MEB lobbies FID for loan restructure

Mohammad Elias Brothers Pvt Limited, one of the top loan defaulters, is lobbying the Financial Institution Division for rescheduling its defaulted loans of Tk 892 crore with 20 banks.
Of the outstanding loans, Mohammad Elias Brothers Pvt Limited, known as MEB, owes highest Tk 258.65 crore to state-owned Agrani Bank as per calculation of the Bangladesh Bank updated in August.
National Bank Limited, a first generation private bank, has outstanding loan of Tk 141 crore with Chittagong-based MEB that has established a dozen of manufacturing units, including textiles, glass, plastics, edible oil and beverages from a mere trading house taking huge loans from the banks.
The company owes loans of Tk 60-72 crore to AB Bank Limited, Islamic Bank Bangladesh Limited, South East Bank Limited and Eastern Bank Limited.
It owes loans of Tk 28-56 crore to One Bank Limited, Bank Asia Limited, Uttara Bank Limited, Mercantile Bank Limited and City Bank Limited.
Officials said MEB managing director Shamsul Alam petitioned the Financial Institution Division seeking assistance for restructuring the bad loan in August, about a month after finance minister AMA Muhith placed name of 100 top loan defaulters in parliament.
MEB topped the list.
Financial Institution Division secretary Eunusur Rahman told New Age on Saturday that the petition surprised them.
He said that the petition should have been submitted to the Bangladesh Bank, the authority to allow the commercial banks to restructure non-performing loans.
He said the department had nothing to do with the petition.
At best, the petitions can be forwarded to the central bank without any recommendation, he said.
Officials said that MEB
was lobbying department officials to pressurise the central bank that allowed 11 groups to reschedule their loans of more than Tk 500 crore, altogether over Tk 14,000 crore, in 2015.

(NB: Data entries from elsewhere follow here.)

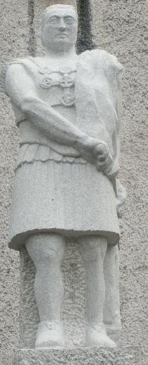 Der da stets kampfbereit auf dem Sockel posiert ist niemand geringeres als St. Gereon, ehemals hauptberuflicher Märtyrer. Auf der Vorderseite des Sockels ist in wenigen Worten die Beziehung zwischen St. Gereon und Rheinkassel erläutert.
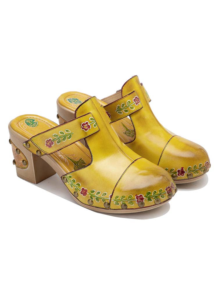 Vintage Handmade Round Toe Floral Slippers
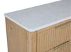Elevate your sanctuary with this chic and contemporary bedroom ensemble that blends functionality with a sleek, modern aesthetic. The collection features a luxuriously upholstered bed, showcasing a high headboard and footboard with a refined fabric selection that exudes comfort and sophistication. Accompanying the statement bed are matching pieces, including a streamlined dresser, nightstand and chest, each sporting a minimalist design with crisp engineered stone tops and bold, brass-accented hardware.
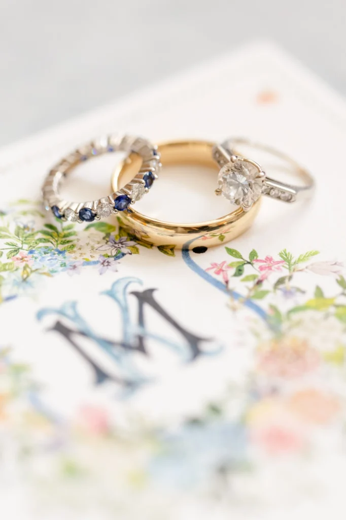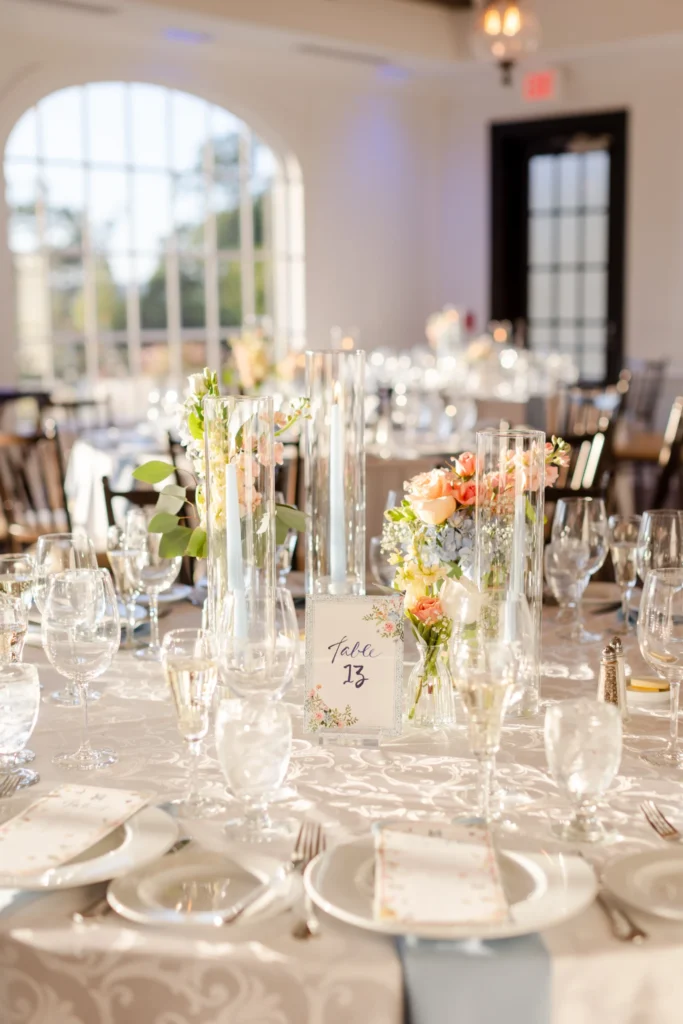 The couple’s menus were a special details that Katie loved. “The colors brought to life everything we imagined and allowed the beautiful centerpieces to shine,” says Katie. “The menus had a lot of personal touches, as well as each guest’s name on the top, so hopefully, when everyone sat down, they felt extra love! It added up to be such a beautiful day of thoughtful detail woven throughout. I love how everything is tied together. My love for interiors, along with my family’s help getting vases from every Michael’s in the tri-state area, to meeting with the florist and the folks at Hackensack Golf Club to seeing the tablescapes come to life, made every single detail so special! Everyone had such a special role in the day and allowed it to come together so smoothly.”

MEB managing director Shamsul Alam could not be reached for comment.
The company became a member of Nahar Group of Industries, run by Shamsul Alam’s son Mohammed Shouib Riad as the managing director of the company, which began its operation in 2010.
Mohammed Shouib Riad refused to comment.
When contacted, his personal secretary Mohammad Ali Akbar told New Age on Sunday, ‘My boss would not comment about the defaulted loans.’

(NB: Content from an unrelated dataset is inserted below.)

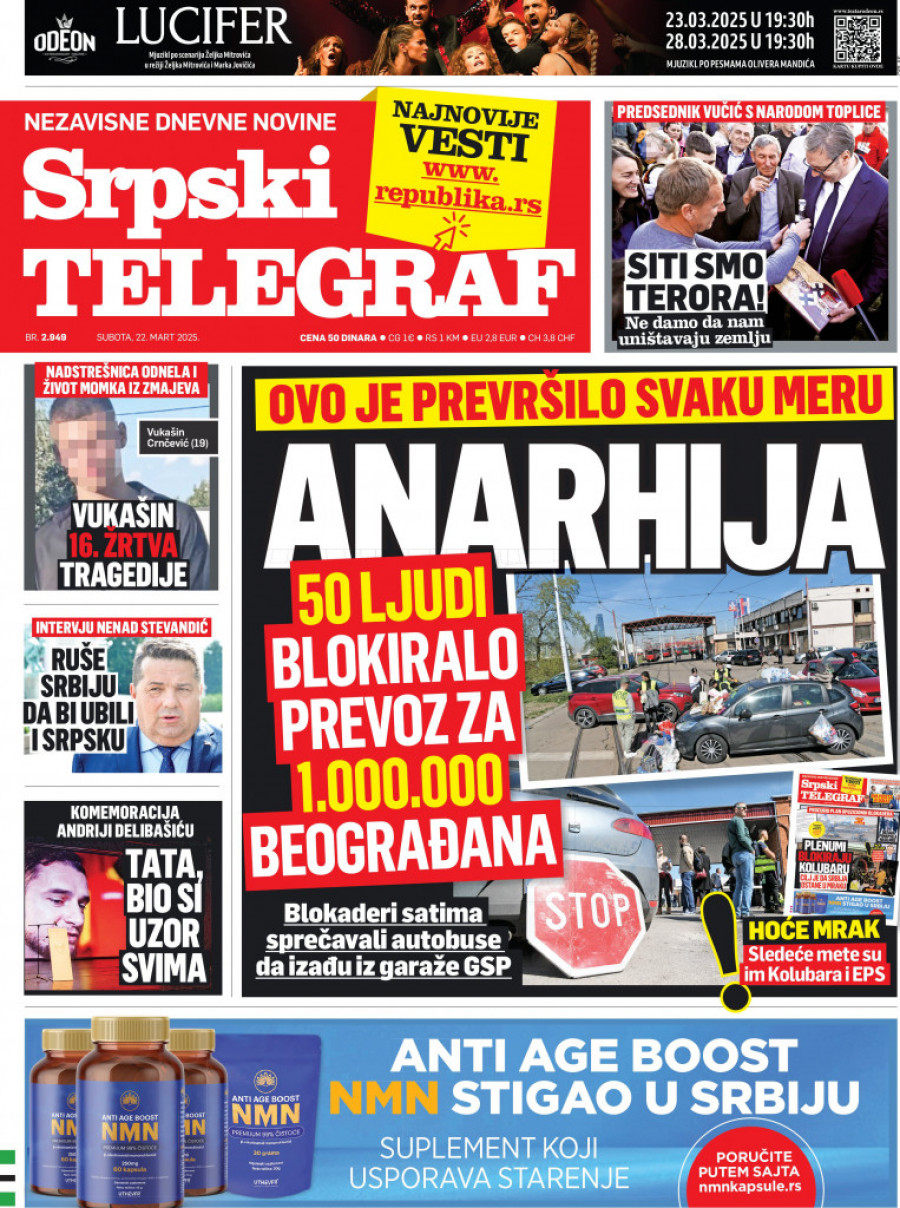 Naslovna strana Srpskog Telegrafa za 22. mart!

Defaulted loans in the country’s banking sector recorded 191 per cent growth in the past eight years to Tk 1,11,347 crore until April 2017, demonstrating that the culture of bad loan flourished further during the back-to-back tenure of the Awami League-led government.

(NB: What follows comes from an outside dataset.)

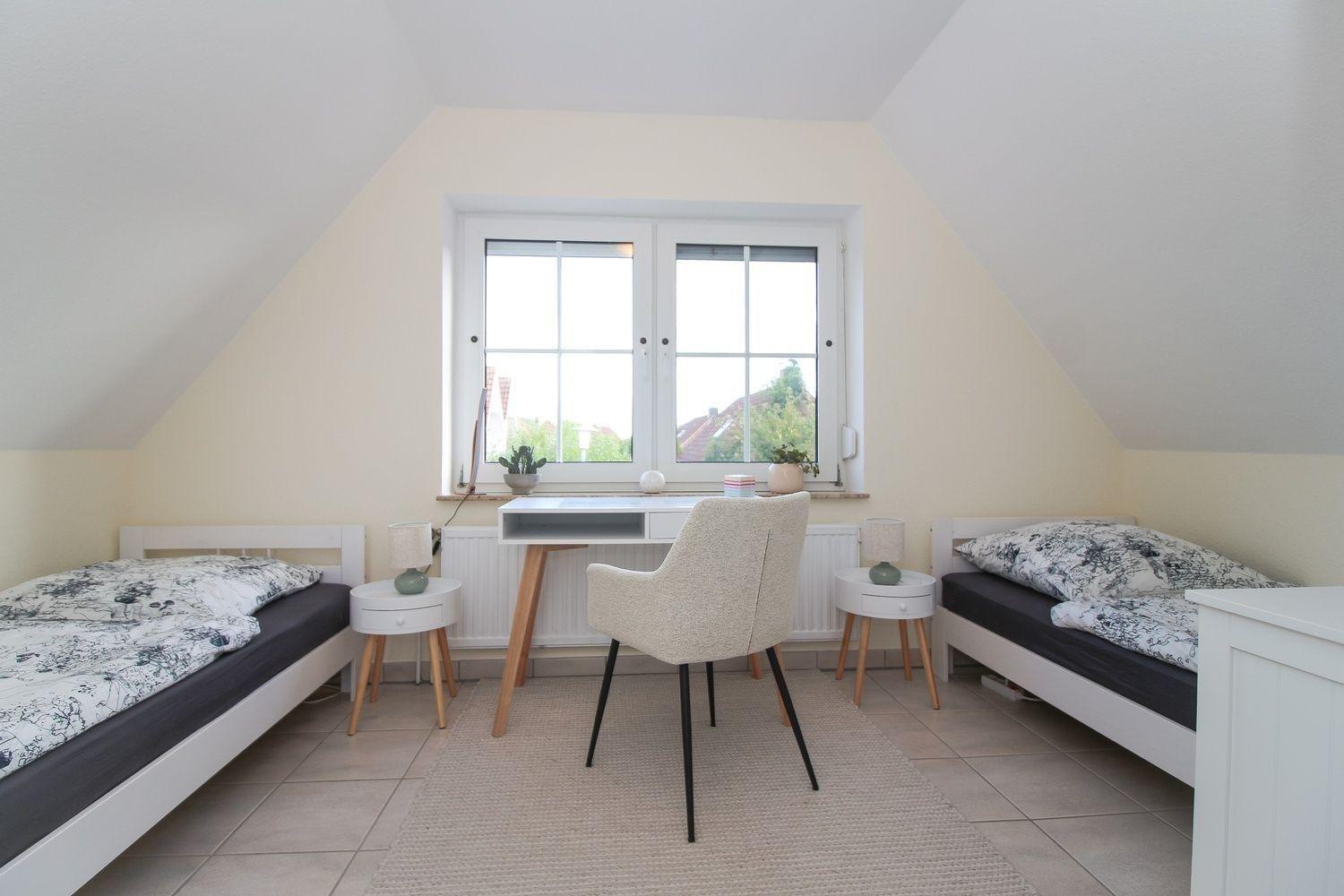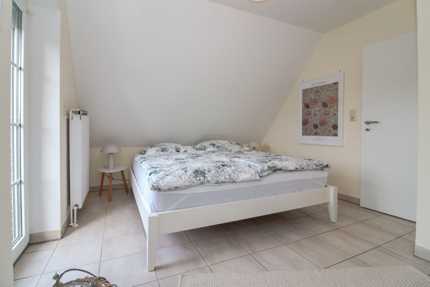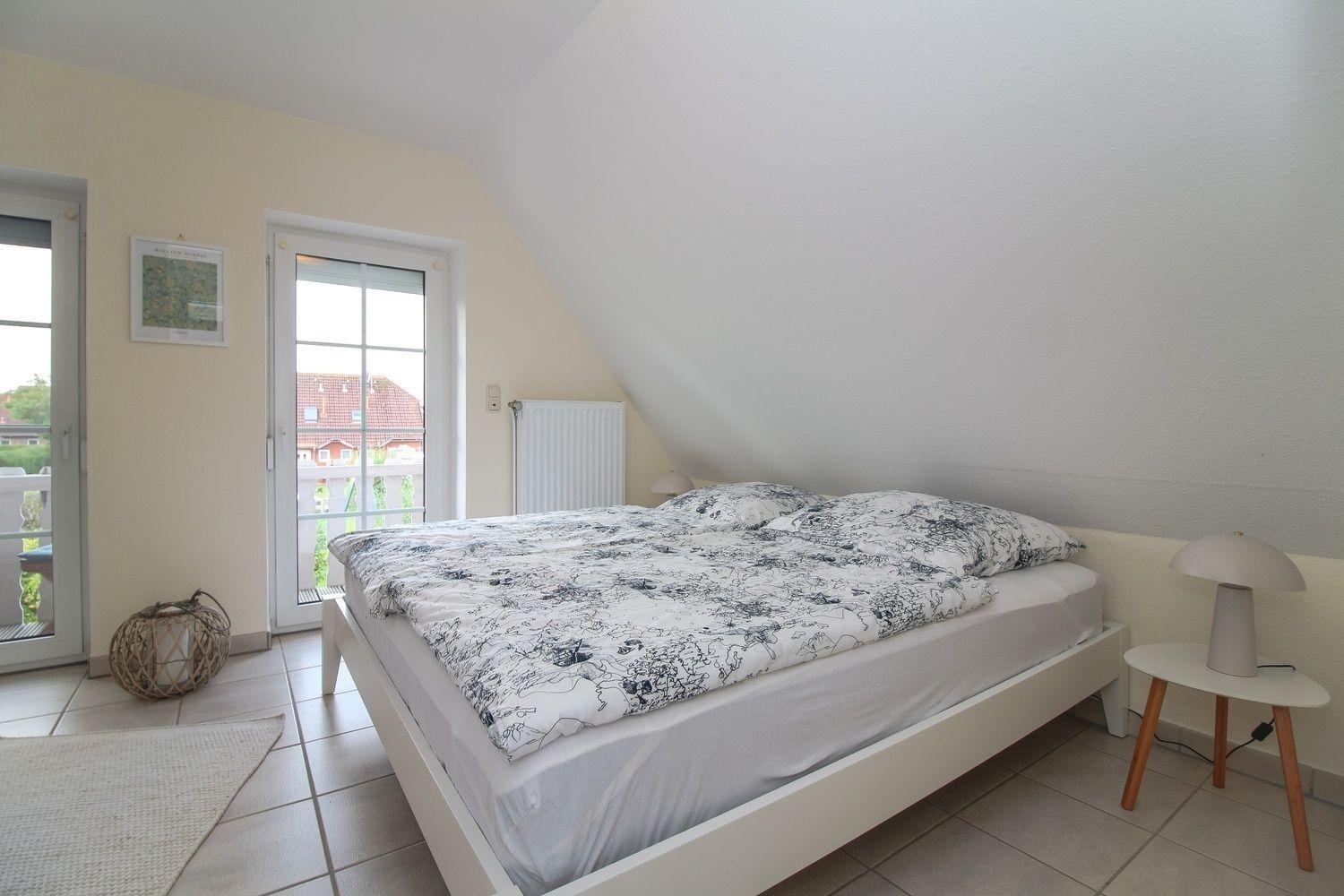 Über eine normale, gut begehbare halb gewendelte Treppe gelangst du zu den beiden gemütlichen Schlafzimmern. Eines der Schlafzimmer verfügt über einen Balkon, ausgestattet mit einem kleinen Tisch und zwei Stühlen. Das komfortable Doppelbett misst 180x200 cm. Im zweiten Schlafzimmer stehen dir zwei Einzelbetten (je 90x200 cm) zur Verfügung. Zwischen den Schlafzimmern befindet sich ein schönes Badezimmer mit Dusche.
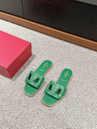 VLOGO CUT-OUT EMERALD GREEN CALFSKIN SLIDE SANDAL

Former interim government adviser Mirza Azizul Islam said that the banks failed to recover loans as major portion of the credit was sanctioned on political consideration.
The defaulters used political links to evade repayment rescheduling the loans, he said.
Former central bank deputy governor Ibrahim Khaled suspected that a chunk of defaulted loans might have been laundered abroad in recent years amid a lull in private investment.
Washington-based Global Financial Integrity, in its latest report released in May 2017 said that illegal fund outflows cost Bangladesh $8.97 billion in 2014.
It said that Bangladesh lost $75.15 billion due to trade miss-invoicing and other unrecorded outflows between 2005 and 2014 which demonstrated that the capital flight from the country was much higher than foreign direct investment the country received.